Makes me think of the 2 yr old, who’s weary father has just arrived home, so in need of that attention that, if ignored, will misbehave, insuring attention of the scolding, or punishing kind, which is still better than no attention at all.
Out of curiosity, how did the principal know that you were wearing it, assuming you go to a large public school? You were probably reported by another student or a teacher, correct? If someone else feels it necessary to report you to anyone, that should be a pretty damn big red flag for you to at least question your actions.
As a student you do have rights. However, so do all the other students in the school. They have the right to an environment conducive to learning, just as you do. Your shirt detracts from that environment. Therefore you should not have worn it and, if you showed the poor judgment to do so anyway, it should be turned inside out or taken away, just like you’d do for any other immature kid demonstrating irresponsible behavior to get attention. Screaming, “My rights have been violated!” like freakin’ Scarlet O’Hara (assuming you can affect a passable Southern accent and swoon) is beyond ridiculous.

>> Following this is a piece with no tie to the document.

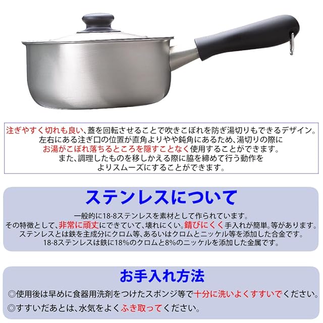 【使いやすさにこだわった片手鍋】右利き・左利きどちらの人にも使いやすい左右の注ぎ口。鍋の縁は丸みをつけて水切れをよくしました。ハンドル(柄)は炎との距離を計算した長さで、しっかりと握りやすく手になじみます。また、ふたを回して隙間を調節することで、ふきこぼれを防いだり、湯切りもできます。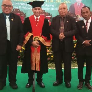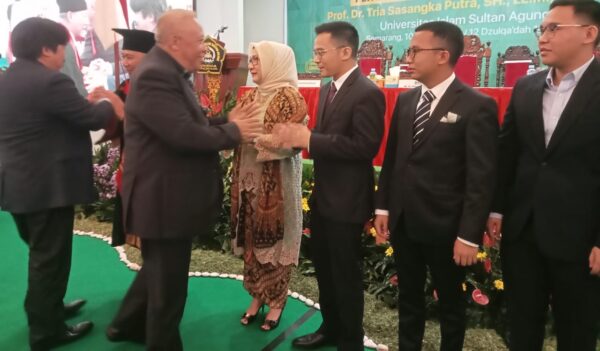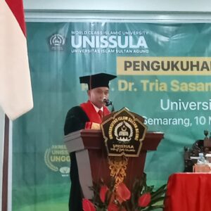 Semarang, aspirasipublik.com – Universitas Islam Sultan Agung (Unissula) Semarang mengukuhkan Prof. Dr. Tria Sasangka Putra, S.H., LL.M., CFE., CLA., sebagai Guru Besar (Profesor) pada Bidang Ilmu Hukum Bisnis, Sabtu 10 Mei 2025 Yang pelaksanaanya dipimpin langsung oleh Rektor UNISSULA Prof. Dr. Gunarto, S.H., MH., didampingi Wakil Rektor I, II, dan III, Ketua Senat, Dekan Fakultas Hukum Universitas Islam Sultan Agung dan disaksikan oleh Bapak dan Ibu Dosen dan Tenaga Kependidikan dan Civitas Academika Universitas Islam Sultan Agung serta Turut hadir Keluarga Istri dan ketiga putranya, Para Undangan, Rekan, Sahabat sahabatnya Advokat, Contract Specialist pada Badan Pengelola Industri Strategis (BPIS) – PT Industri Pesawat Terbang Nusantara (PT. IPTN), Yayasan Harapan Kita, Yayasan Indonesia Biru, Guru Besar IPDN Prof. Dr. Drs. Khasan Effendy, M.Pd. selaku Guru Besar Sosiologi Pemerintahan Institut Pemerintahan Dalam Negeri dan Tenaga Ahli Pengajar Sistem Manajemen Nasional Lemhanas Republik Indonesia dan Prof. Dr. Drs. Bahrullah Akbar, B.Sc., S.E., M.B.A., CIPM., CSFA., CPA., CMPM. selaku Guru Besar Keuangan Publik Institut Pemerintahan Dalam Negeri dan Wakil Ketua Badan Pemeriksa Keuangan Republik Indonesia periode tahun 2017 sampai dengan tahun 2019, Sahabat Alumni Doktor IPDN, Dr. Raden. Bogie Setia Perwira Nusa, S.H., S.H.I., M.H., M.Si., M.AP., dan Dr. Joko Susilo Raharjo Watimena, S.PdI., MM.

And I seriously doubt the police will give a rat’s ass that an inappropriate $15 tee-shirt was “stolen” by your principal if you were so immature as to wear it to school in the first place. They’ve got more important things to worry about. If you must escalate the issue (meaning, if your principal refuses to give it back), go to the school board.
I think the controlling legal principle here was set by the landmark case of Adolescence v. Reality.
The case is appealed pretty much every month or so, but has been consistently upheld. It rests on the legal principle “Propinquus vestri os, bardus parvulus, quoniam nemo volo audire vestri lacuna”.
I think wearing that shirt was a deliberate attempt to challenge the school. Porn is in the eyes of the beholder and I doubt they can legally defend their decision on that basis. But they don’t have to. They can say you were being deliberately disruptive and prevail.
No, I’ve had children make their way through adolescence, and the tone of righteous outrage in the OP sounds quite realistic to me. Hopefully, when he’s few years older, Mr Chillafrilla will be beyond this stage in his life.